▶ WORK INSTRUCTION
Only an exact copy of the entries will serve as the answer.

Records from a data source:

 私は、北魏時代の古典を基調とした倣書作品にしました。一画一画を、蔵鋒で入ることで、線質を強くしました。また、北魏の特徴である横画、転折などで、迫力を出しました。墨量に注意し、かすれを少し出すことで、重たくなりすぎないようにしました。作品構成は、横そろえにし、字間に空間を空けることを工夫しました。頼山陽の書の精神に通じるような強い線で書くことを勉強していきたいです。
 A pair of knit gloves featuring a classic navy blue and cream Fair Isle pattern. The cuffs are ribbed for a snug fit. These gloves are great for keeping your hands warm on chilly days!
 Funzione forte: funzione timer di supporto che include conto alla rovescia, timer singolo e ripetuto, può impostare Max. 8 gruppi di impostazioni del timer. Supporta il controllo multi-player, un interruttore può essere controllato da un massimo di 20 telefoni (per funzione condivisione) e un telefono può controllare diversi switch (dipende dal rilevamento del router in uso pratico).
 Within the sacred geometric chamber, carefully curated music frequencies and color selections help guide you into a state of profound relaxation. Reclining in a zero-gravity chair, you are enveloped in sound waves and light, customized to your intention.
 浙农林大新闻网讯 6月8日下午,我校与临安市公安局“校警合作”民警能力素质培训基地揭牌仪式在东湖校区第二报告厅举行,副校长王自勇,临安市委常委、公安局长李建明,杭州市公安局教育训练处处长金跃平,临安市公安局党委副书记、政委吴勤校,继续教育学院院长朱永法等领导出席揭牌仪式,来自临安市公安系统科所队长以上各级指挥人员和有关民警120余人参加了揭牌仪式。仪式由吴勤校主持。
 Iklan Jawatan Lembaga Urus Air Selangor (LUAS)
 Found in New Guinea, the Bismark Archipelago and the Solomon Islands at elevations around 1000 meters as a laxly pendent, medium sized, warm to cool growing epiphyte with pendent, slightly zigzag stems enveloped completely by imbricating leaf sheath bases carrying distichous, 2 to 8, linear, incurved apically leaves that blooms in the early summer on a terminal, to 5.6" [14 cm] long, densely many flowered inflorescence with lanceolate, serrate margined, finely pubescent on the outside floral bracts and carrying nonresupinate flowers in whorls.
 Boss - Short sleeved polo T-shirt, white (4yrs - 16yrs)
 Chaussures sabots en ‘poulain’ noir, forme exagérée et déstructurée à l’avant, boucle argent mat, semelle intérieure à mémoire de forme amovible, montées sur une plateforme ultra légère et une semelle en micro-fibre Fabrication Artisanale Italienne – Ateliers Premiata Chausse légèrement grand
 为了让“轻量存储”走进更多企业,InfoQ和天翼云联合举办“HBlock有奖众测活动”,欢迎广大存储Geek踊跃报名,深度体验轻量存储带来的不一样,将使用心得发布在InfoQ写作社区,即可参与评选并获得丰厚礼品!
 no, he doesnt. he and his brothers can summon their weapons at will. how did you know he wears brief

▶ EXERCISE OUTPUT
 私は、北魏時代の古典を基調とした倣書作品にしました。一画一画を、蔵鋒で入ることで、線質を強くしました。また、北魏の特徴である横画、転折などで、迫力を出しました。墨量に注意し、かすれを少し出すことで、重たくなりすぎないようにしました。作品構成は、横そろえにし、字間に空間を空けることを工夫しました。頼山陽の書の精神に通じるような強い線で書くことを勉強していきたいです。
 A pair of knit gloves featuring a classic navy blue and cream Fair Isle pattern. The cuffs are ribbed for a snug fit. These gloves are great for keeping your hands warm on chilly days!
 Funzione forte: funzione timer di supporto che include conto alla rovescia, timer singolo e ripetuto, può impostare Max. 8 gruppi di impostazioni del timer. Supporta il controllo multi-player, un interruttore può essere controllato da un massimo di 20 telefoni (per funzione condivisione) e un telefono può controllare diversi switch (dipende dal rilevamento del router in uso pratico).
 Within the sacred geometric chamber, carefully curated music frequencies and color selections help guide you into a state of profound relaxation. Reclining in a zero-gravity chair, you are enveloped in sound waves and light, customized to your intention.
 浙农林大新闻网讯 6月8日下午,我校与临安市公安局“校警合作”民警能力素质培训基地揭牌仪式在东湖校区第二报告厅举行,副校长王自勇,临安市委常委、公安局长李建明,杭州市公安局教育训练处处长金跃平,临安市公安局党委副书记、政委吴勤校,继续教育学院院长朱永法等领导出席揭牌仪式,来自临安市公安系统科所队长以上各级指挥人员和有关民警120余人参加了揭牌仪式。仪式由吴勤校主持。
 Iklan Jawatan Lembaga Urus Air Selangor (LUAS)
 Found in New Guinea, the Bismark Archipelago and the Solomon Islands at elevations around 1000 meters as a laxly pendent, medium sized, warm to cool growing epiphyte with pendent, slightly zigzag stems enveloped completely by imbricating leaf sheath bases carrying distichous, 2 to 8, linear, incurved apically leaves that blooms in the early summer on a terminal, to 5.6" [14 cm] long, densely many flowered inflorescence with lanceolate, serrate margined, finely pubescent on the outside floral bracts and carrying nonresupinate flowers in whorls.
 Boss - Short sleeved polo T-shirt, white (4yrs - 16yrs)
 Chaussures sabots en ‘poulain’ noir, forme exagérée et déstructurée à l’avant, boucle argent mat, semelle intérieure à mémoire de forme amovible, montées sur une plateforme ultra légère et une semelle en micro-fibre Fabrication Artisanale Italienne – Ateliers Premiata Chausse légèrement grand
 为了让“轻量存储”走进更多企业,InfoQ和天翼云联合举办“HBlock有奖众测活动”,欢迎广大存储Geek踊跃报名,深度体验轻量存储带来的不一样,将使用心得发布在InfoQ写作社区,即可参与评选并获得丰厚礼品!
 no, he doesnt. he and his brothers can summon their weapons at will. how did you know he wears brief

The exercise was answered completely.